The C3 elevated expressway (C3EX), which is estimated to cost around P25 billion, will allow motorists to traverse cities Pasay, Makati, Mandaluyong, San Juan, and Quezon City without the need to use Edsa, the metro’s main thoroughfare.
The C3 elevated road will also become the gateway to the Skyway Stage 3, which is still under construction.
If the deal pushes through, the C3EX will finally close the gap of the Circumferential Road 3, one of the continuous chains of roads in Metro Manila.
The road network starts from Circumferential Road 3 in Navotas, then leads to 5th Avenue in Caloocan, Sgt. Rivera Avenue and Gregorio Araneta Avenue in Quezon City. The route is cut off from its continuation in Makati and should go all the way to Sen. Gil Puyat Avenue Extension in Pasay.
Currently, the two firms have already submitted their unsolicited proposal to the Department of Public Works and Highways (DPWH), who will study it first before NEDA evaluates it and enters a negotiation process with the government.

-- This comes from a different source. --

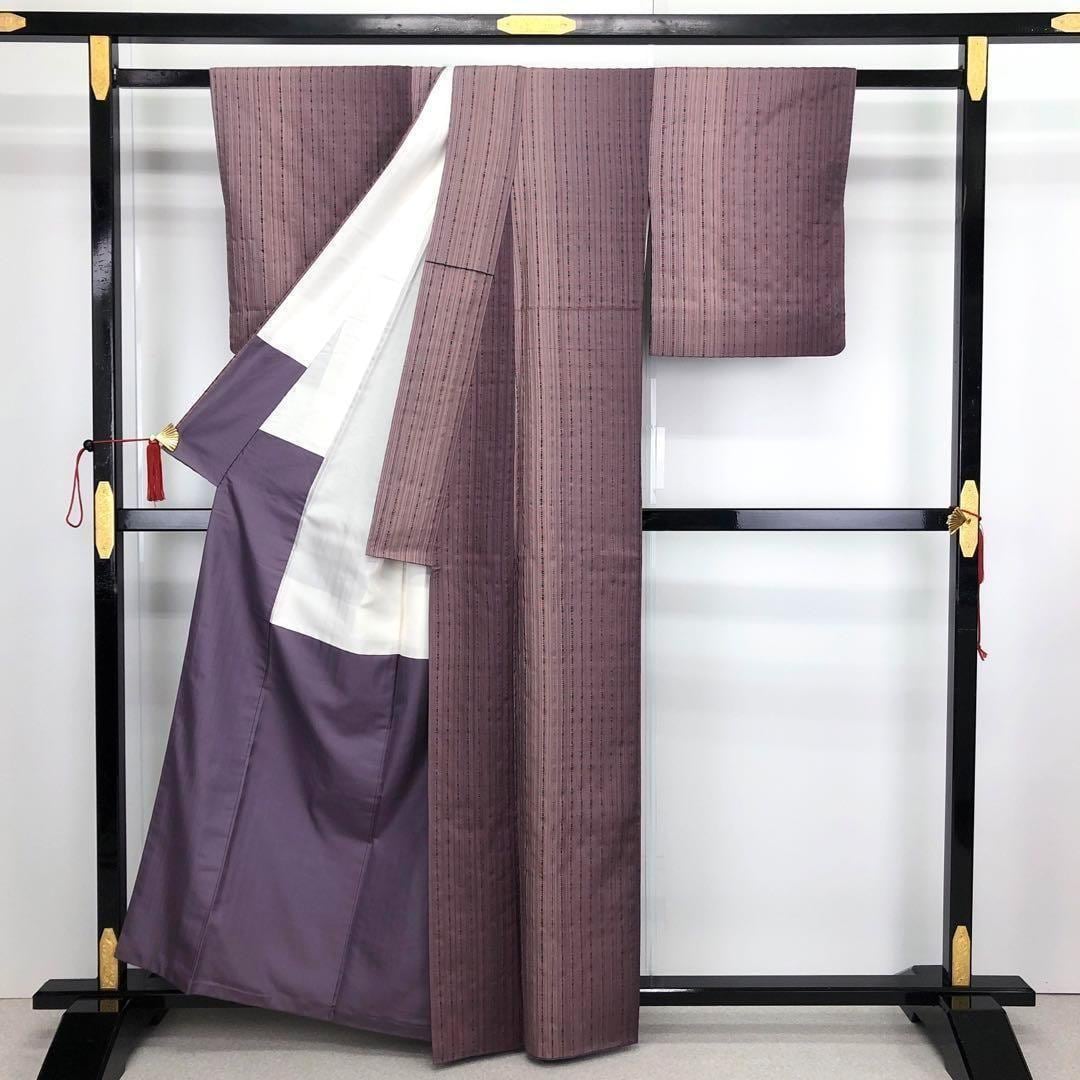 紬着物 七代目吉澤与市 伝統工芸 縦縞模様 グラデーション K-2841 着物 きもの kimono 和服 和装 中古 リサイクル着物 【送料無料】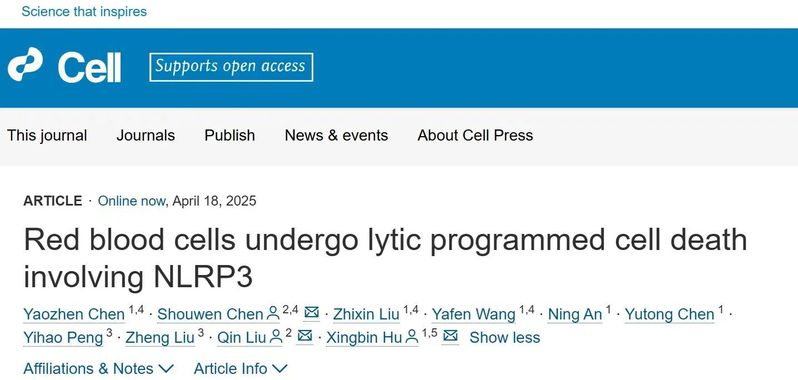 大学刘琴教授团队联合空军军医大学附属西京医院胡兴斌副教授团队,揭示了一种红细胞程序性死亡的新机制。北京时间4月18日,国际期刊Cell(《细胞》)以“Red blood cells undergo lytic programmed cell death involving NLRP3”为题,发表了这一研究成果。

The joint venture will be solely funded by the cooperation between SMIC and Ayala Corporation, with the latter represented by its subsidiary Ayala Infrastructure Holdings Corporation. They said they will not ask for any subsidy from the government.
A win-win situation
“You might be wondering why two competing developers would go together and its very simple; your development is nothing without mobility. We do have people in Makati who want to go to Mall of Asia and vice-versa, and this will help,” said Ayala Infrastructure CEO Rene Almendras in a report by Rappler.
Meanwhile, SMIC also believes the same thing, with vice president of portfolio investments Tristan Choa saying that the project will support “the core investments of SM by providing access and SM Mall of Asia is one of our big property developments.”
To make the deal more lucrative, the project proponents will not just build it without help from the government but also “repay the government for the cost of obtaining right of way in certain sections.”
With lots of potential right-of-way issues about to be encountered by C3EX, the proposal will hasten the completion of the project and avoid haggling.
SMIC and Ayala Corporation are both hoping to get the government’s green light by 2018. It would take three years to construct the expressway.